Lifepak (stylized LIFEPAK) is a series of vital signs monitors and external cardiac defibrillators produced by medical technology company Physio-Control.

Lifepak defibrillators are manufactured and distributed from the company headquarters in Redmond, Washington.

== History ==
Physio-Control publicly demonstrated its first Lifepak branded defibrillator, Lifepak 33, in November 1968 and began commercial sale of the unit the next year in 1969. The Lifepak 33 was the lightest defibrillator available at launch, weighing 34 pounds. The defibrillator was referred to by media as a "90-day wonder" due to the entirety of its development occurring within a 90-day period. Despite being the companies first "LIFEPAK" branded defibrillator, it was named the Lifepak 33 due to the companies target weight of 33 pounds for the defibrillator.

In 1971, the Lifepak 911 was released with 12-lead ECG monitoring capability, with the Lifepak 2 being released the following year. The Lifepak 2 was designed specifically for rapid-response vehicles in emergency services, and was the first to allow transmission of ECGs via telephone to hospitals for prehospital assessment by cardiologists. In 1973, the Lifepak 3 was released with a "non-fade" display and the ability to "freeze" the cardioscope. The Lifepak 1 was released the same year and was marketed as a more basic, but more compact model, lacking a cardiograph for ECG monitoring. In 1974, the Lifepak 4 was released with an integrated ECG recorder, and was followed by the Physio 260 (for home use) and Physio 1440 cardiac care system defibrillators were released to the public.

In 1976, the Lifepak 5 was released weighing only 5 pounds and 19 ounces, with a modified Lifepak 5 accompanying the 65-member American Medical Expedition to Mount Everest in 1981 and the China-Everest Expedition in 1982. The Lifepak 6 featured a modular design with removable paddles holder and ECG printer, the Lifepak 8 featured the ability to perform transchest external pacing, and the Lifepak 100 and 200 automatic advisor defibrillators were released with an Incorporated Shock Advisory System able to recognise shockable arrhythmias. in 1989, the Lifepak 9 and 10 both integrated a "Code Summary" record for documentation, featuring the ability to record times medication was administered, when shocks were delivered and how many shocks were delivered.
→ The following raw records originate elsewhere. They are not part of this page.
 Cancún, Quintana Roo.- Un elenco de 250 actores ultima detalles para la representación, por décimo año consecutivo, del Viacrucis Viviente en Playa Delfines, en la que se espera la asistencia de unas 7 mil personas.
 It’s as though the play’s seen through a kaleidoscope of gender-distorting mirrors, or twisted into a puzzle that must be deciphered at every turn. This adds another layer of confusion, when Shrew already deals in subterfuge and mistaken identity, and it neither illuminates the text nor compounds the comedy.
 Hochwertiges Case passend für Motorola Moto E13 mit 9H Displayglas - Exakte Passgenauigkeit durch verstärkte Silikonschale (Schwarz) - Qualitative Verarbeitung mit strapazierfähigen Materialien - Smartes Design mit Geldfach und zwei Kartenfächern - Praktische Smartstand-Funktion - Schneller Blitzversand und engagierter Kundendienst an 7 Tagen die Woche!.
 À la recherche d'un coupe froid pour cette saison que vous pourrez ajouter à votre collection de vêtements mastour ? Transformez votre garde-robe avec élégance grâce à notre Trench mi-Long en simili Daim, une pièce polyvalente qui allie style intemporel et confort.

In 1994, the Lifepak 11 was released, which set standards in prehospital 12-lead acquisition and transmission. In 1997, the Lifepak 500 was released as a public access defibrillator, and brought AEDs to the mainstream public. The following year, the Lifepak 12 was released, with improved monitoring and diagnostic capabilities, as well as a standardised button layout. Some ambulance services still use the Lifepak 12 due to its reliability and advanced capabilities.

In 1999, biphasic defibrillation waveforms were made available for the Lifepak 12 and 500 defibrillators and the 'ADAPTIV' biphasic waveform would become the standard waveform used in future models.
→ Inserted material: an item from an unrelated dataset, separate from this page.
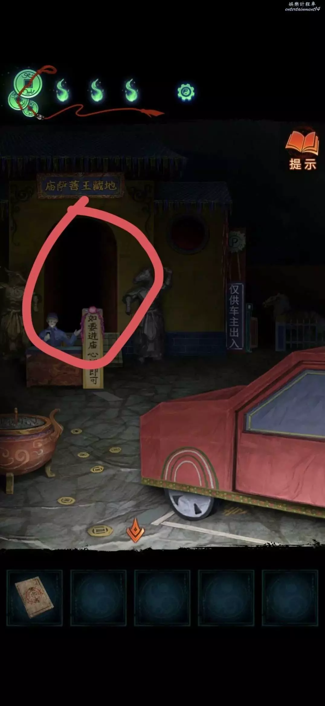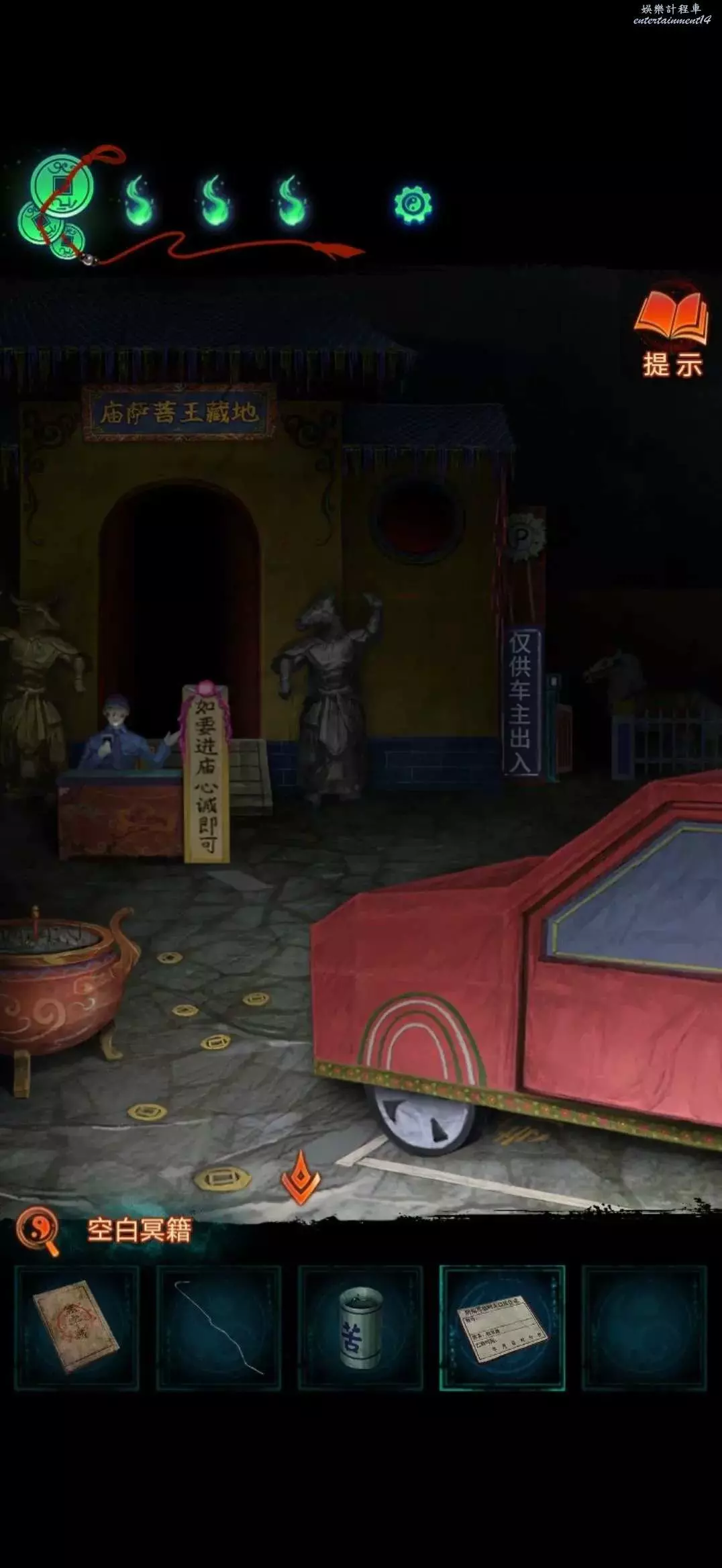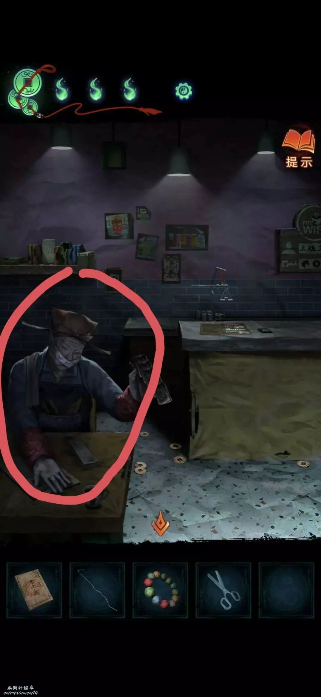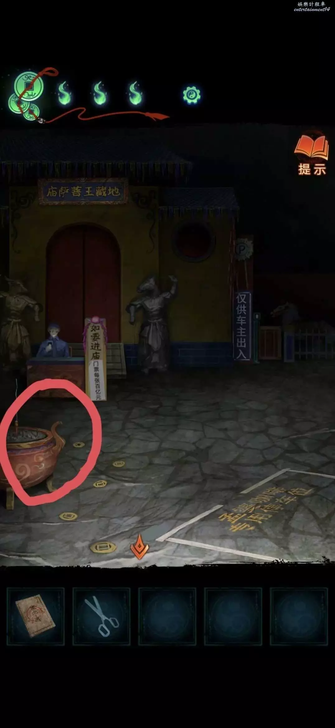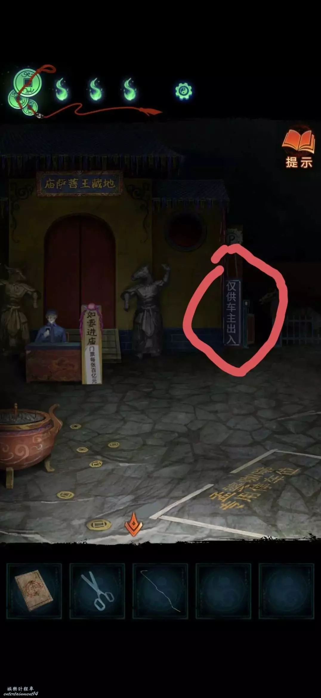 把掛牌掛在管理中心大門上,就可以進去了,進入後對點擊桌子上的黃紙使用利剪刀完成小遊戲(充電寶手機上那個線索)獲得紙錢

In 2002, the Lifepak 20 defibrillator/monitor was introduced to replace the 9 in the hospital market, while the Lifepak CR Plus was introduced for the public market.
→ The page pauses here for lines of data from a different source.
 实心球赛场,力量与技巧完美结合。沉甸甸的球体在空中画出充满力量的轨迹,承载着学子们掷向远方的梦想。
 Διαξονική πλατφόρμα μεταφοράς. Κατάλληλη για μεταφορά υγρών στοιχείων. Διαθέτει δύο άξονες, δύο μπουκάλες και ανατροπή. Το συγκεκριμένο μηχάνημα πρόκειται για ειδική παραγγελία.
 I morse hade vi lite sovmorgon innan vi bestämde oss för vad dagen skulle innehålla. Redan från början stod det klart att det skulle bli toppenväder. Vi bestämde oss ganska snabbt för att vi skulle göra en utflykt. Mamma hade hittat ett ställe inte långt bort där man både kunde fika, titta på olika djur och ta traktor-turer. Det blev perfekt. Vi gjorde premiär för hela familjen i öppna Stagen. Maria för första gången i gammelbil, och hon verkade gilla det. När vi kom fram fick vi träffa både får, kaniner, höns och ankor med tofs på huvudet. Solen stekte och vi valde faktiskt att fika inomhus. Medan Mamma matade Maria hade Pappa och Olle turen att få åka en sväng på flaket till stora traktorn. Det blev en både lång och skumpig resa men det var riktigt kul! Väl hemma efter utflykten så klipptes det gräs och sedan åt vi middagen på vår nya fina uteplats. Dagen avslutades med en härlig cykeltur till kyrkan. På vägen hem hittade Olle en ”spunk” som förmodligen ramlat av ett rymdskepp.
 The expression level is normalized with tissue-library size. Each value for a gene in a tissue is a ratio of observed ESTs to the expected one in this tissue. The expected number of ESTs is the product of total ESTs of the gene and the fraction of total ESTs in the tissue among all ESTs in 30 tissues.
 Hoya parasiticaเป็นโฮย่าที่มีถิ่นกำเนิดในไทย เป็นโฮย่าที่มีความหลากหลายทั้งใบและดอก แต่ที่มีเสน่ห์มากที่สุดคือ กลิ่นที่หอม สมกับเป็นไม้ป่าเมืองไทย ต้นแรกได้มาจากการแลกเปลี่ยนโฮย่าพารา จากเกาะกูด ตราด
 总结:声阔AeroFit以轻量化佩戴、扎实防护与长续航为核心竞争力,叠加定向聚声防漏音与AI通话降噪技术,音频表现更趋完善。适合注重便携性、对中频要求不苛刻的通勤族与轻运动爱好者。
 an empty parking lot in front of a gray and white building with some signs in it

In 2006, the Lifepak 1000 was introduced to replace the Lifepak 500 in the professional AED market.

In 2008, the Lifepak 15 was introduced to replace the Lifepak 12 in the prehospital and hospital settings and featured a more refined design, color LCD, CPR metronome and Bluetooth connectivity for wireless transmission of ECGs. The 15 was also the first model to support Masimo RainbowSET pulse oximetry.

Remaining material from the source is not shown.